• Exercise objective:
Set down the final stretch of the data, from the line that holds "Подарете си уют" through the last line, both included, with pictures left out.

• Raw data:

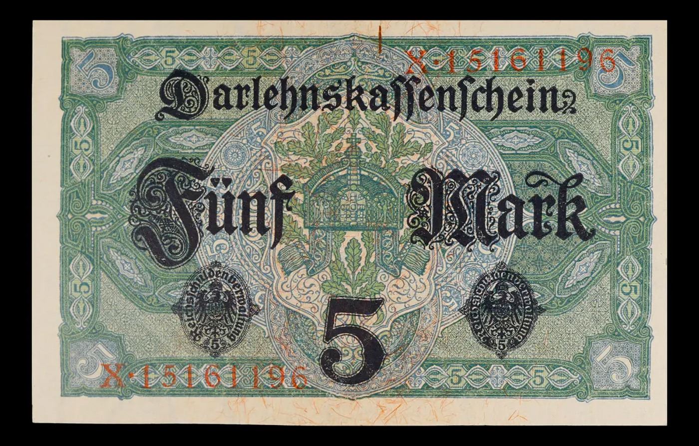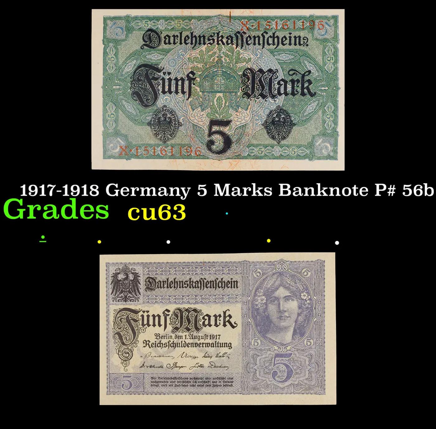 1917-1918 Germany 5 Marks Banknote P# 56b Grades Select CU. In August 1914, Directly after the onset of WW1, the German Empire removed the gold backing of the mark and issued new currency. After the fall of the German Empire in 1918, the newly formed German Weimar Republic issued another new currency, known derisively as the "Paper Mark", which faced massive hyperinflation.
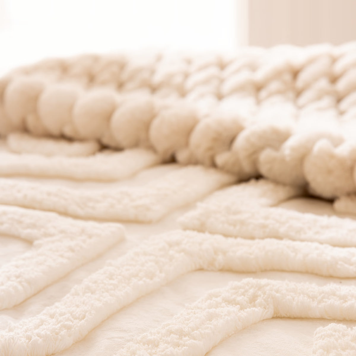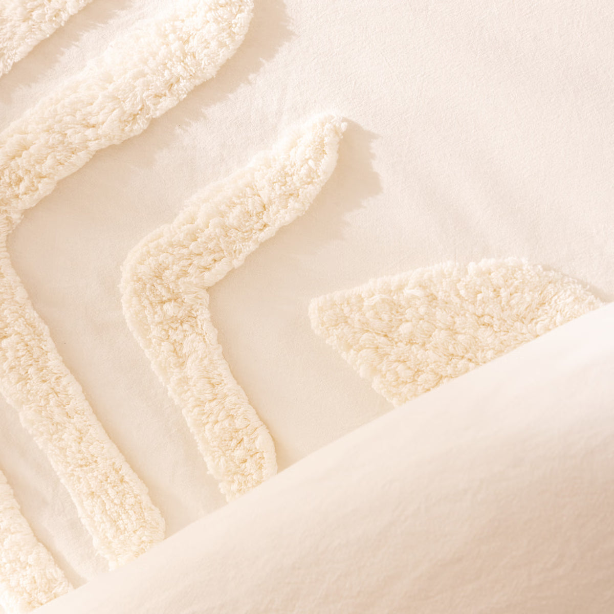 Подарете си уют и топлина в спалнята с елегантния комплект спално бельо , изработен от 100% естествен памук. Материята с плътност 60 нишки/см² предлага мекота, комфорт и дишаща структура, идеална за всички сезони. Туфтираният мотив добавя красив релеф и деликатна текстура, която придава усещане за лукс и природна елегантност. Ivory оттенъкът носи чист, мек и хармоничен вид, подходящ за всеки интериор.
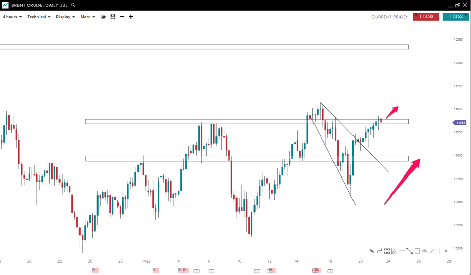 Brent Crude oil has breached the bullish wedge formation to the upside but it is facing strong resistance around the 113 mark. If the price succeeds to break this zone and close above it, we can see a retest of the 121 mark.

• Written reply:
 Подарете си уют и топлина в спалнята с елегантния комплект спално бельо , изработен от 100% естествен памук. Материята с плътност 60 нишки/см² предлага мекота, комфорт и дишаща структура, идеална за всички сезони. Туфтираният мотив добавя красив релеф и деликатна текстура, която придава усещане за лукс и природна елегантност. Ivory оттенъкът носи чист, мек и хармоничен вид, подходящ за всеки интериор.
 Brent Crude oil has breached the bullish wedge formation to the upside but it is facing strong resistance around the 113 mark. If the price succeeds to break this zone and close above it, we can see a retest of the 121 mark.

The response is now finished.